Ntandoyenkosi Welcome Zungu
M.Eng., University of Johannesburg
2025
Handle:
https://hdl.handle.net/10210/519322

Abstract

Deep learning (Machine learning) Human face recognition (Computer science) Video surveillance Human activity recognition Computer Vision
Violence is a pressing global issue, threatening public safety and demanding effective monitoring methods. Video surveillance, particularly remote systems, plays an important role in detecting and responding to violent incidents but faces challenges in terms of accuracy, speed, and resource demands. Recent advancements in deep learning have shown promise in enhancing surveillance capabilities, providing faster and more accurate detection. In this dissertation, a new deep learning architecture is presented, named SynthSecureNet, which addresses these limitations by hybridizing two popular architectures: MobileNetV2 and ResNet50V2. This study aims to harness the combined strengths of these models to improve violence detection accuracy while maintaining computational efficiency. SynthSecureNet leverages the pre-trained weights of MobileNetV2 and ResNet50V2, employing transfer learning to initialize the network. The architecture is then fine-tune using the Real-Life Violence Situations Dataset, consisting of 2000 labelled surveillance videos. The model’s performance is evaluated using metrics including accuracy, precision, recall, and F1 score, with particular focus on optimizing the fusion process between the two base architectures.

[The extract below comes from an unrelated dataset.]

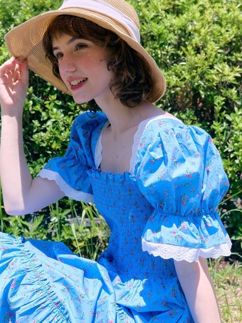 플라워 원피스 쉬폰 퍼프소매 A라인 캉캉 스모크밴딩 WEC46D7

Experimental results demonstrate significant improvements in violence detection performance. While MobileNetV2 achieves 90% accuracy and ResNet50V2 reaches 94%, SynthSecureNet attains a remarkable 99.22% accuracy. This substantial enhancement in performance is consistent across various dataset sizes, ranging from 400 to 2000 videos. The SynthSecureNet architecture offers a comprehensive solution that addresses the limitations of existing single-model approaches. By combining the efficiency of MobileNetV2 with the depth of ResNet50V2, this model provides a more robust and accurate tool for violence detection in surveillance footage. These findings pave the way for more effective surveillance and crime prevention strategies, potentially improving response times to violent incidents and enhancing public safety.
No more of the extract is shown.